To build this lean agentic loop, we equipped it with a few essential tools:

  • Extract code from LLM outputs (strip reasoning, capture the final Python block or code delimited by markers).
  • Validate the snippet: ensure it defines a single entry point (p(g) or p = lambda g: ...), uses only the Python standard library, and parses without syntax errors.
  • Run and score against task examples. On failure, return a concise traceback and the failing I/O pairs.
  • Minify/normalize with python-minifier for easy byte wins (whitespace, imports, constant folding, safe name shortening), then measure the final byte count.

Thus the entire agent loop can thus be described as:

  1. Prompt the LLM with the system + user context to propose code.
  2. Extract → validate → minify. If invalid, feed back a short reason (syntax/import/entry-point).
  3. Execute tests.
    • If pass: compare byte length to the incumbent; if shorter, persist as new best. Then asking it to continue shorten it.
    • If fail: return the traceback + failing I/O pairs as the next user message.
  4. Iterate until the iteration budget is exhausted or no improvement for (K) rounds.

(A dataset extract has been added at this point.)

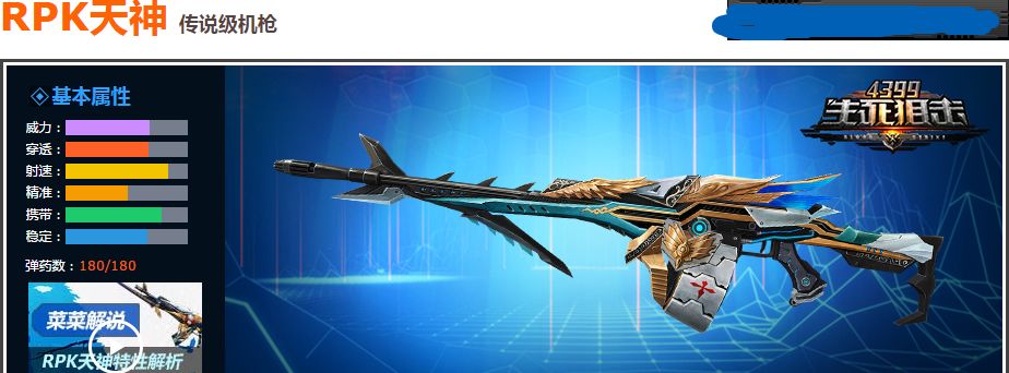 RPK天神:武器点评——新十字军联盟所产出的支援型RPK,拥有将冷凝剂从枪管发射出去的性能,不但能作为攻击击穿敌人,也能生成墙壁阻挡敌人的攻击。武器特点——1.酷炫外观;2.威力强劲;3.射速快;4.极速换弹。

Here are some Validator guardrails that we checked when the LLM produced an answer:

  • Enforce def p(g): ... or p = lambda g: ... only; no top-level I/O.
  • Ban imports except safe stdlib used implicitly by the runner; no network/FS.
  • Cap runtime per test; kill on timeouts; treat exceptions as failures.
  • Normalise newlines and encoding before measuring len(code.encode()).

Evolutionary DB

The Evolutionary DB is a lightweight index over tasks and solution variants, supporting both crossover and diversification. It stores per-task metadata and a history of correctness-verified working solution of each task (including longer variants), which seed structurally diverse rewrites.

Data model (per task):

  • best_bytes (our best), public_best_bytes (if known), solved flag
  • solutions: correctness-verified programs
  • last_updated, optional pattern_signature for similarity search

Sampling for a new iteration:

  1. Pick a focus task. This is the task the agent will attempt to solve or further shorten. Prefer tasks with room for improvement or those not yet solved. Sampling uses a softmax over the margin:

    m(t)={public_best_bytes(t)best_bytes(t),if solvedM,if unsolved (large constant)p(t)exp ⁣(βnorm(m(t))),\begin{align} m(t) &= \begin{cases} \text{public\_best\_bytes}(t)-\text{best\_bytes}(t), & \text{if solved}\\[2pt] M, & \text{if unsolved (large constant)} \end{cases}\\ p(t) &\propto \exp\!\big(\beta\,\mathrm{norm}(m(t))\big), \end{align}

    where β\beta controls exploitation vs. exploration.

  2. Retrieve in-task priors. From the focus task’s archive, sample NN prior solutions with an inverse-length bias to favor concise patterns but maintain diversity:

    p(st)exp!(γbytes(s)).p(s\mid t) \propto \exp!\big(-\gamma\cdot \text{bytes}(s)\big).
  3. Add cross-task exemplars. Select KK additional tasks to import transferable knowledge and help escape local minima. Early on, these were chosen at random; later, we switched to pattern-similarity retrieval via extracted pattern tags.

  4. Crossover from priors. Include the best solution and a small set of diverse, correctness-verified working solutions from the selected exemplar tasks. These offer a record of how other tasks were golfed, allowing the model to transfer byte-saving motifs or refactor logic to the current task and synthesize a shorter, behavior-equivalent program.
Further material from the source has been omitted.